ODM Ergebnis Flöha  ...25 Starter ...


----------



## trialelmi (6. September 2009)

UCI Canberra bis auf die Finals 20" von Heute online


----------



## trialelmi (20. September 2009)

Ergebnis Sulz am Eck und der aktuelle SDM Zwischenstand ist online. 

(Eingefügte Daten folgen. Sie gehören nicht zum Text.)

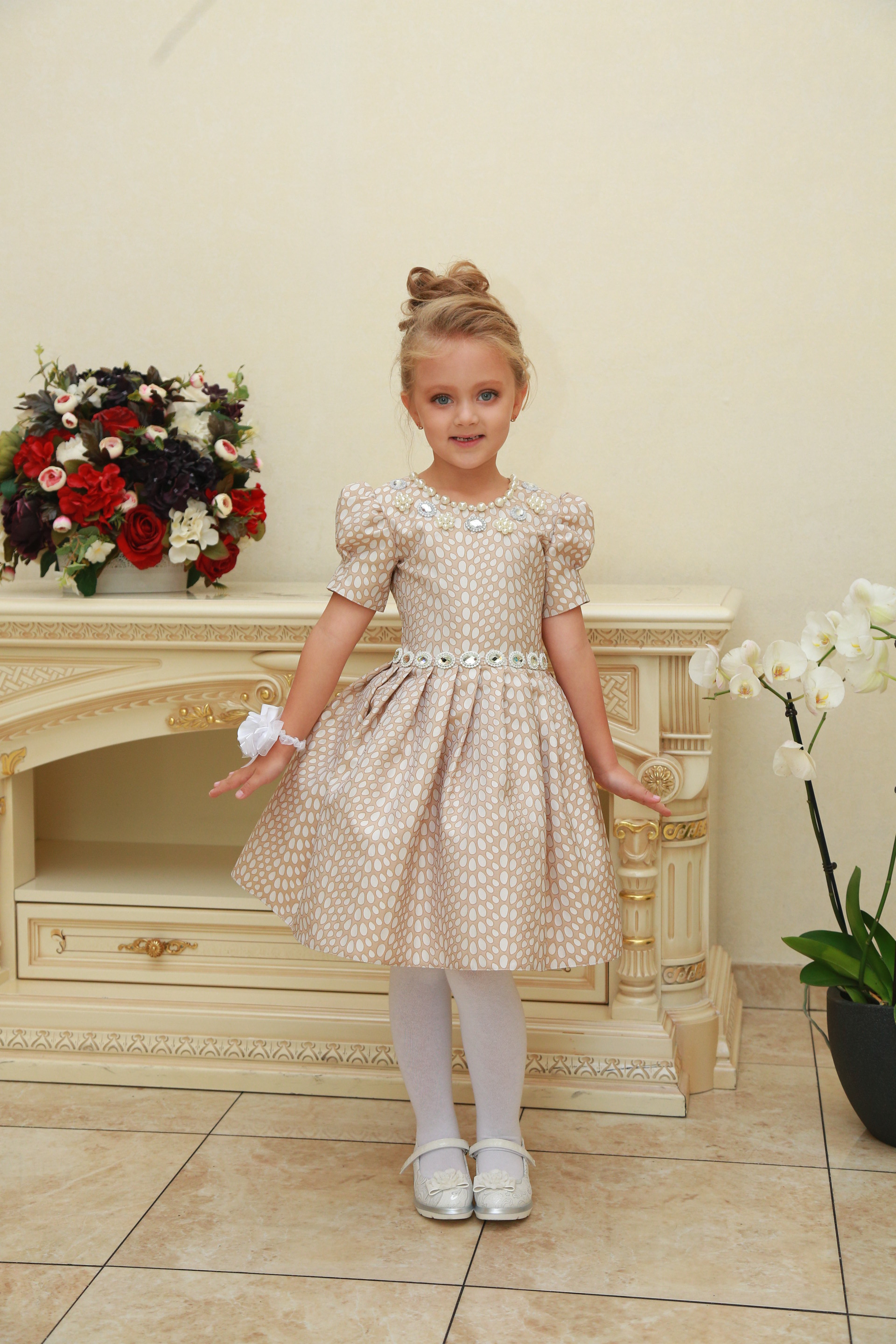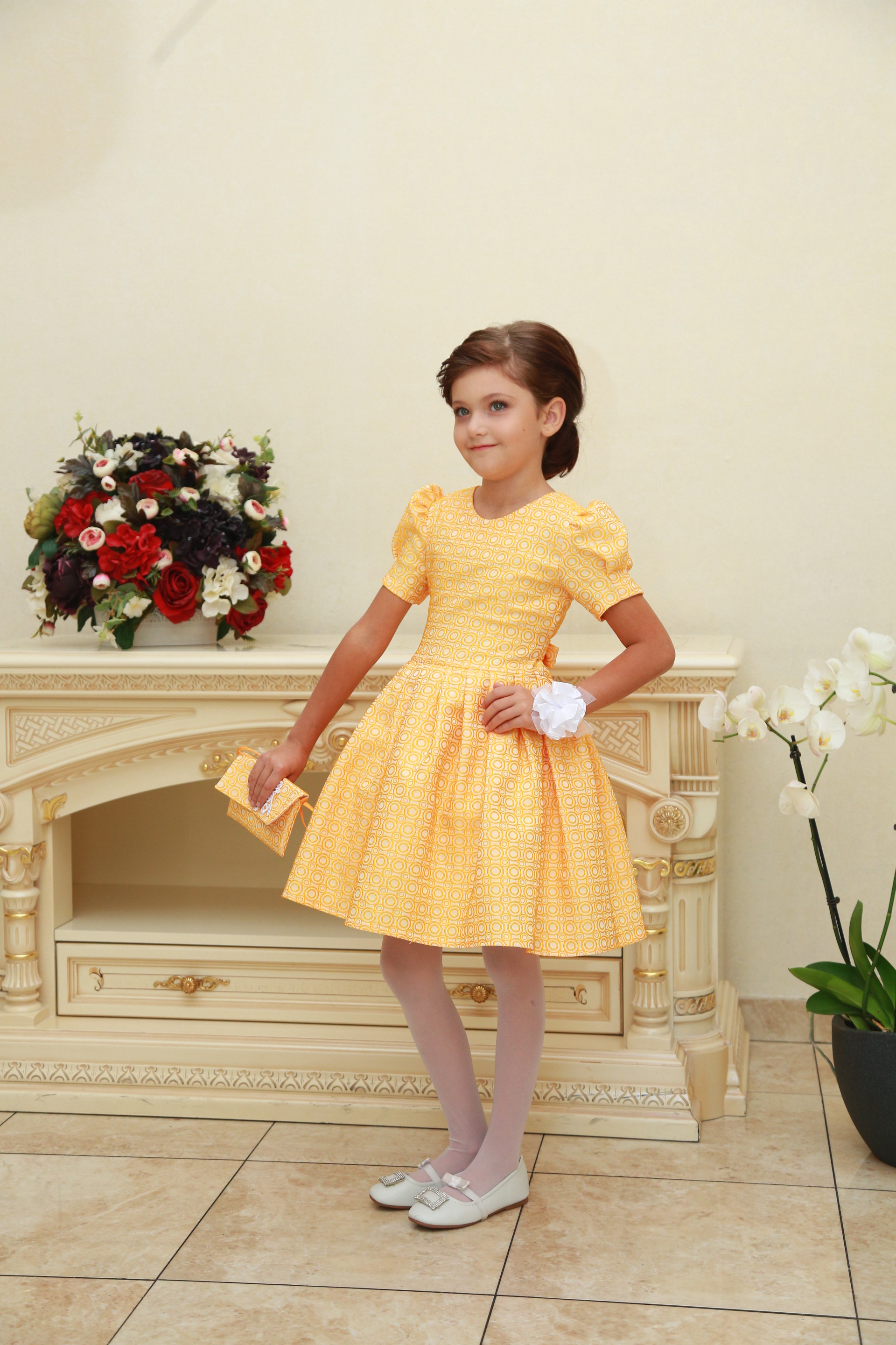 Описание модели: Ткань х/б, цветной штапель. х/б подклад. Отделка - цветок из атласной ленты с жемчужной брошью.Размеры от 4 до 8 лет

Des weiteren habe ich meine Page von Freespace auf meinen neuen Webspace umgestellt. In Zukunft ist meine Seite komplett Werbefrei. Ich denke das ist im Sinne des Trialsports. Es gibt somit auch nicht mehr das komplizierte Mirrorsystem, was einige hier nie kapiert haben.  Ich hoffe es gefällt so.


----------



## MTB-News.de




----------



## trialelmi (4. Oktober 2009)

dossenheimer fotos von heute habe ich online gestellt. die ergebnisse kommen dann wenn ich sie habe nach.


----------



## trialelmi (6. Oktober 2009)

Bodenseemeisterschaftsergebnisse sind auch online.


----------



## trialelmi (10. Oktober 2009)

SDM Kiefersfelden und das Gesamtergebnis ist auch mal online bei mir. Morgen gehts auf Malle also man sieht/liest sich.


----------



## Hansi1303 (11. Oktober 2009)

Moin...der Trialclub Zuidoost Drente hat am letzten WE ein kleinen Turnier gemacht...hast du davon zufällige die Ergebnisse?

Gruß


----------



## trialelmi (11. Oktober 2009)

Hansi1303 schrieb:


> Moin...der Trialclub Zuidoost Drente hat am letzten WE ein kleinen Turnier gemacht...hast du davon zufällige die Ergebnisse?
> 
> Gruß



leider nein, da mich kein holländer dazu kontaktiert hat. wenn ich vorher sowas weiss und ich ansprechpartner habe, würde ich mich auch darum kümmern...


----------